Is there any way we can reduce our reliance on imported greens? This question was foremost in our minds when we were given the challenge – to construct a space-saving farming equipment from everyday household items and waste.
Wow! Farming in Singapore? Using everyday household items and waste? Now that’s a challenge!
Time to think outside the garden box!
As Chemical Engineering students, we are fortunate in that our training equips us with the skills and knowledge to make the world a better place. So my team and I took the bull by the horns and started work immediately.
When we think of ‘farming’, the image that comes to mind for most people is acres and acres of land filled with rows of apple trees, or cabbage, or kangkong….So how do you overcome this first hurdle – lack of land?
We really wanted to encourage more Singaporeans to take up small-scale vegetable farming. We felt that it was important to reduce Singapore’s reliance on imported greens and at the same time address the concern of lack of land space. Not only that, our aim was to make it as hassle-free as possible. Singaporeans simply do not have the luxury of time! The structure we would design must therefore be simple to use, space-saving and self-sustaining, with minimal maintenance needed.
We also needed to keep in mind the aim of the competition - the concept of upcycling as a way to reduce waste. We would be judged on our creativity in repurposing and transforming unwanted things into practical, usable items.
We found the solution – grow our vegetables upwards! Yes, vertical farming was the answer.
We quickly set about constructing numerous prototypes of the farming structure with the guidance of our Mentor and Lecturer Mr Zach Siew. Firstly, we had to gather all the parts we needed. In order to fulfil the theme of the competition, the items we collected consisted of unwanted PVC tubes from industrial sites, unwanted plastic acrylic from engineering workshops, used BBQ wire mesh and unwanted mosquitoes nettings.
Next, we worked on the construction of the setup. Firstly, we needed to cut open the PVC tubes before folding the wire mesh and mosquito netting into shape to fit the PVC tube. Next, we used epoxy, a type of glue, to attach the acrylic plastic as side windows to both sides of the PVC tube. Two holes were drilled on the PVC tube to allow for drainage of excess water. Once the soil was put in place, we grew chai xin, which was cheap and readily available in the market.
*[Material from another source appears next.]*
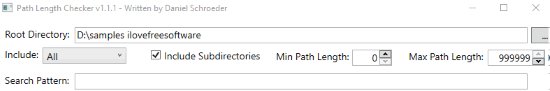 On its interface, add the input folder using the Browse button. After that, you can set options as per your wish. For example, you can set minimum and maximum path length, include/exclude sub-folders, and include only files or only sub-folders. Set these options or continue with default settings.
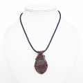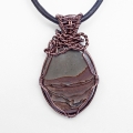 A fabulous and very rare hand cut Deschutes Scenic Jasper cabochon, beautifully wrapped in copper wire. The pendant measures 35 x 60 mm and is strung on 3 mm supple dark brown Greek leather cord measuring 17” with a wire hook closure. There is also a 2” extension chain finished with a smoky quartz wire wrapped drop.

And our vegetables did grow!
Let me share what else we discovered through this project. In terms of land area use, the designed vertical farming structure is at least 3 times that of conventional land-farming. The productivity of the structure, which allows mobility (to sun-facing direction) further reduces the planting-to-harvesting time by 20%! It simply means this - you can place the structure anywhere in your house, following the direction of the sun, and your veggies will grow at a faster rate!
Here’s another awesome fact….The greens grown were able to reduce the temperature of the dwelling (ie, your house) by about 1oC (through blocking and absorption of sunlight, etc.)
Finally, your family can save up to $130 if you grow your own vegetables. The higher the structure, the more veggies you can grow, and the more you save.
My team mates and I are happy because through this simple project, we were able to demonstrate that it is possible to use ‘waste’ to design a versatile vertical farming structure that addresses an important issue in Singapore - our lack of space for the production of essential food items.
Can you imagine how much healthier the planet would be if all such waste – acryclic, plastic tube, etc - is reused instead of dumped into the landfills, or incinerated? And think of the cost savings too!
Chemical engineers can use their training to make the environment cleaner. As a future chemical engineer, my dream is to help create a world where there is no such thing as a waste product.
So c’mon guys, “Don’t just eat your vegetables. Grow them too!”
*Aligned with Earth day which falls on 22nd April, Youth for the Environment Day (YED) is a key annual platform to engage youths to champion environmental ownership and to renew their commitment to care for the environment.